Unfortunately, random forest is not the most transparent machine learning algorithm. We know that VendorID
, predicted_fare
, mean_duration
, and mean_distance
are the most important features, but we don't know how they influence tipping. This would require further exploration. It is interesting that VendorID
is the most predictive feature. This seems to indicate that one of the two vendors tends to attract more generous customers. It may be worth performing statistical tests on the different vendors to examine this further.
There are almost always additional features that can be engineered, but hopefully the most obvious ones were generated during the first round of modeling. In our case, we could try creating three new columns that indicate if the trip distance is short, medium, or far. We could also engineer a column that gives a ratio that represents (the amount of money from the fare amount to the nearest higher multiple of \$5) / fare amount.
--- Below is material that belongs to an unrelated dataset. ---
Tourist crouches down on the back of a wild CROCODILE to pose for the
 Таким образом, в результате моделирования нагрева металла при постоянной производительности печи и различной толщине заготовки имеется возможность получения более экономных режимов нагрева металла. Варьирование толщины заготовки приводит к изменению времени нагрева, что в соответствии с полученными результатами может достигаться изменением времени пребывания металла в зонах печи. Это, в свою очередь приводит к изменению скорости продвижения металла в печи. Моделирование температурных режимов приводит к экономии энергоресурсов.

For example, if the fare were \$12, the value in this column would be 0.25, because \$12 to the nearest higher multiple of \$5 (\$15) is \$3, and \$3 divided by \$12 is 0.25. The intuition for this feature is that people might be likely to simply round up their tip, so journeys with fares with values just under a multiple of \$5 may have lower tip percentages than those with fare values just over a multiple of \$5. We could also do the same thing for fares to the nearest \$10.
It would probably be very helpful to have past tipping behavior for each customer. It would also be valuable to have accurate tip values for customers who pay with cash. It would be helpful to have a lot more data. With enough data, we could create a unique feature for each pickup/dropoff combination.